- _RECORDS PROVIDED_
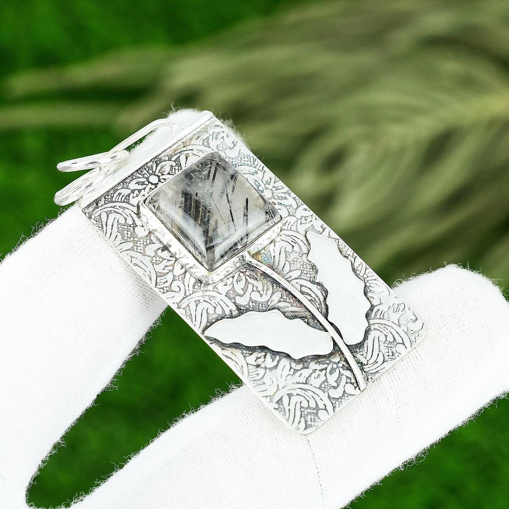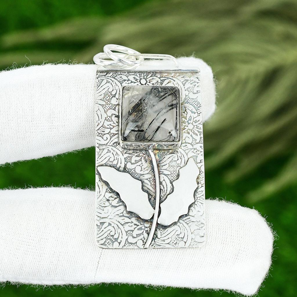 Friendship Day Deal Natural Black Rutile Sterling Silver Mother Wedding Pendant
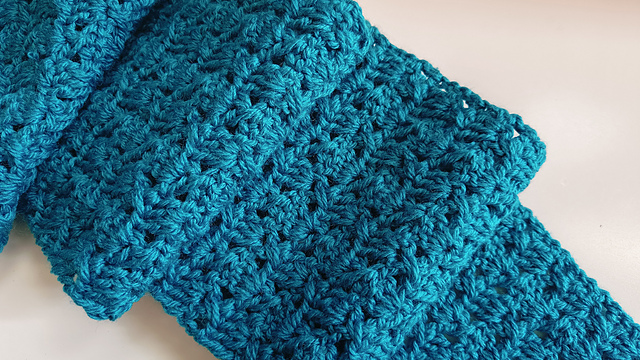 This is an easy 2 row repeat pattern consisting only of basic crochet stitches. This scarf is suitable for both men and women. Both length and width of the scarf can be adjusted.
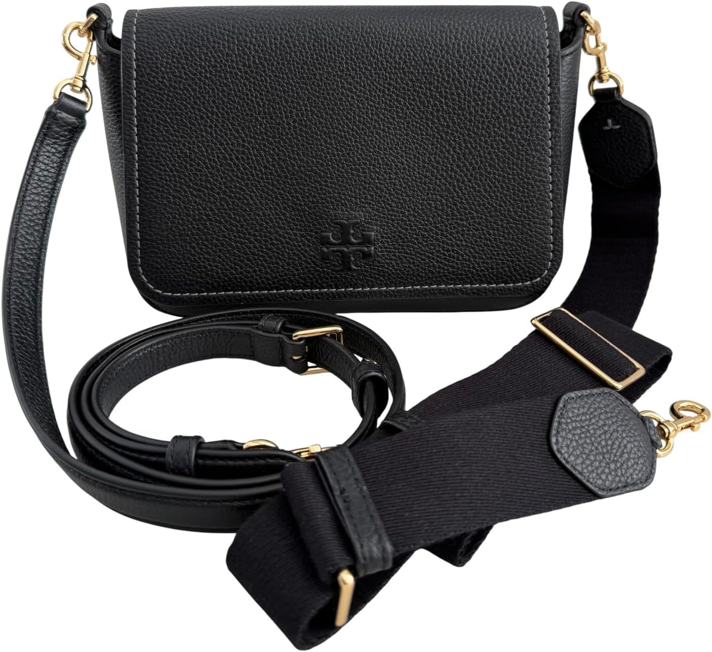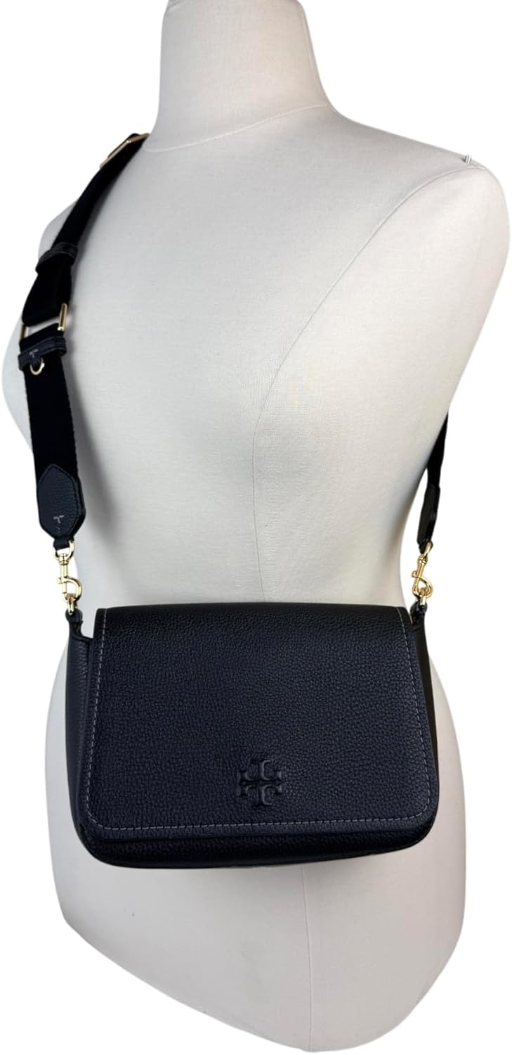 The Tory Burch Thea Flap Crossbody Bag combines timeless style with practical design. Crafted from high-quality leather in a classic black finish, it features elegant gold hardware and a convenient flap closure. With dimensions of 9 x 3 x 7 inches and weighing 1.43 pounds, this women’s crossbody handbag is perfect for everyday use. It ranks #4,913 in Women’s Crossbody Handbags and has a 4.1-star rating from 8 customer reviews. First available on August 17, 2023, and manufactured by Tory Burch with model number 144688 and ASIN B0CFYMHRB6. Includes product warranty details.
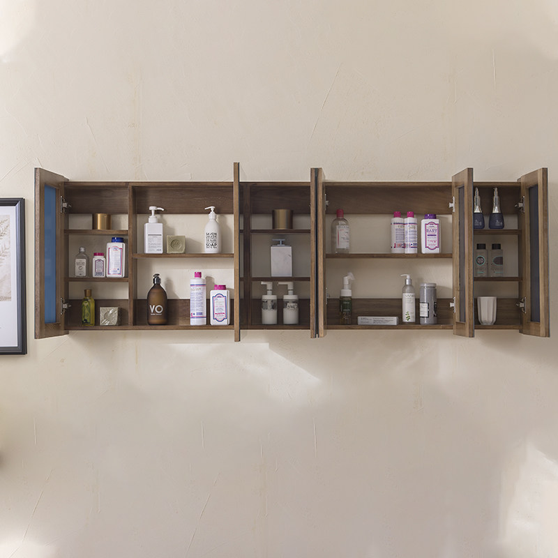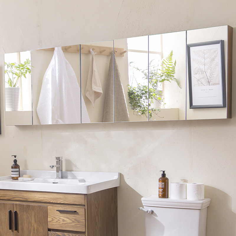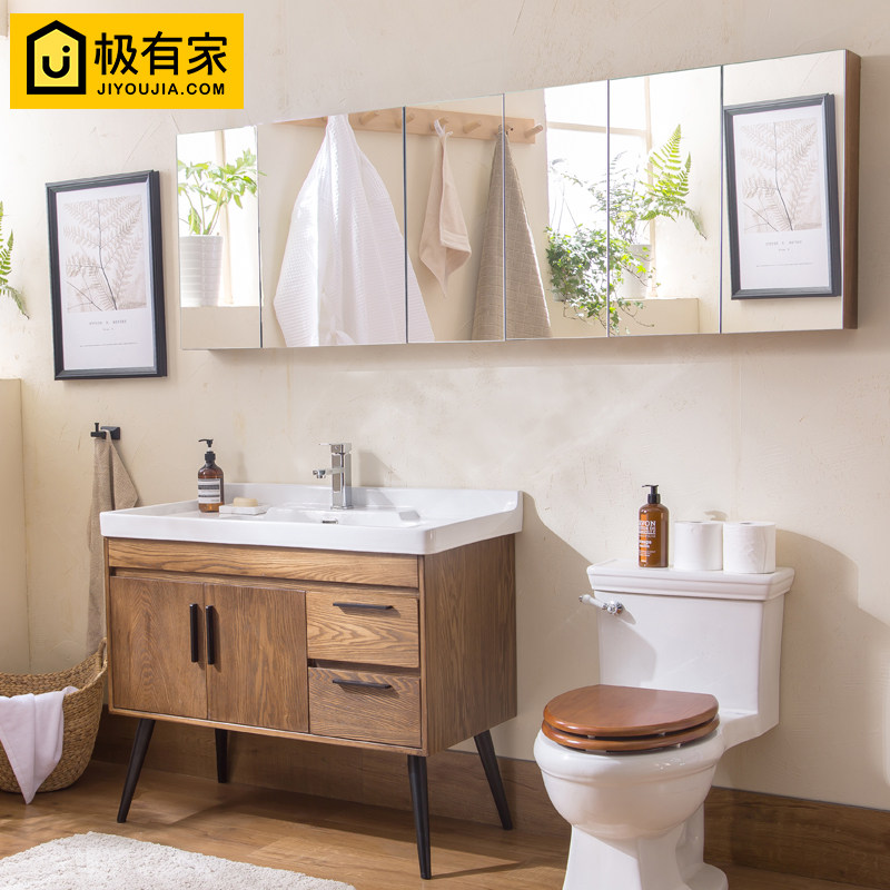 Large mirror cabinet Nordic Bathroom mirror cabinet Powder Room mirror box with lamp Toilet Wall-mounted mirror with shelf Solid wood
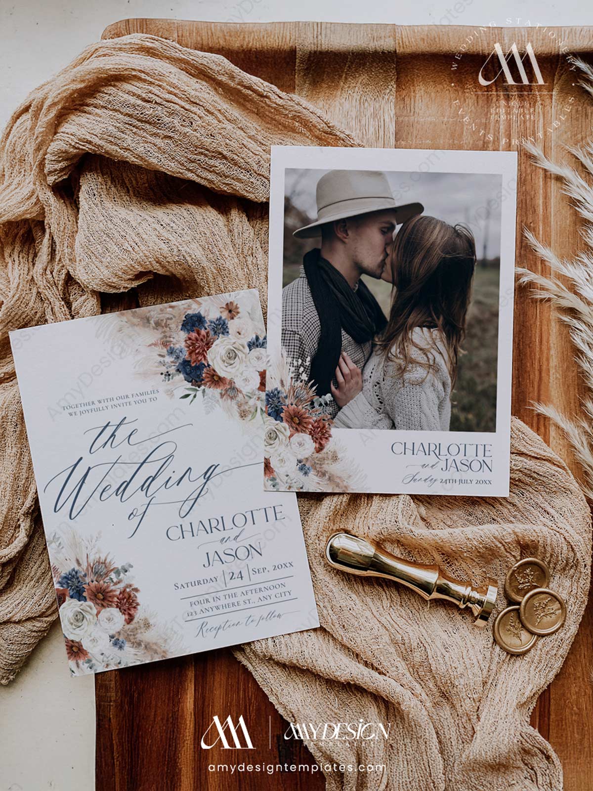 Create a Bold, Moody Atmosphere with the Navy Blue & Rust Wedding Template BUNDLE
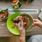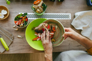 Close up of senior woman putting fruits and vegetable peelings to bowl

- _YOUR ASSIGNMENT_
Wherever a picture appears in the records above, leave it out and transcribe everything else exactly.

- _RESPONSE_
 Friendship Day Deal Natural Black Rutile Sterling Silver Mother Wedding Pendant
 This is an easy 2 row repeat pattern consisting only of basic crochet stitches. This scarf is suitable for both men and women. Both length and width of the scarf can be adjusted.
 The Tory Burch Thea Flap Crossbody Bag combines timeless style with practical design. Crafted from high-quality leather in a classic black finish, it features elegant gold hardware and a convenient flap closure. With dimensions of 9 x 3 x 7 inches and weighing 1.43 pounds, this women’s crossbody handbag is perfect for everyday use. It ranks #4,913 in Women’s Crossbody Handbags and has a 4.1-star rating from 8 customer reviews. First available on August 17, 2023, and manufactured by Tory Burch with model number 144688 and ASIN B0CFYMHRB6. Includes product warranty details.
 Large mirror cabinet Nordic Bathroom mirror cabinet Powder Room mirror box with lamp Toilet Wall-mounted mirror with shelf Solid wood
 Create a Bold, Moody Atmosphere with the Navy Blue & Rust Wedding Template BUNDLE
 Close up of senior woman putting fruits and vegetable peelings to bowl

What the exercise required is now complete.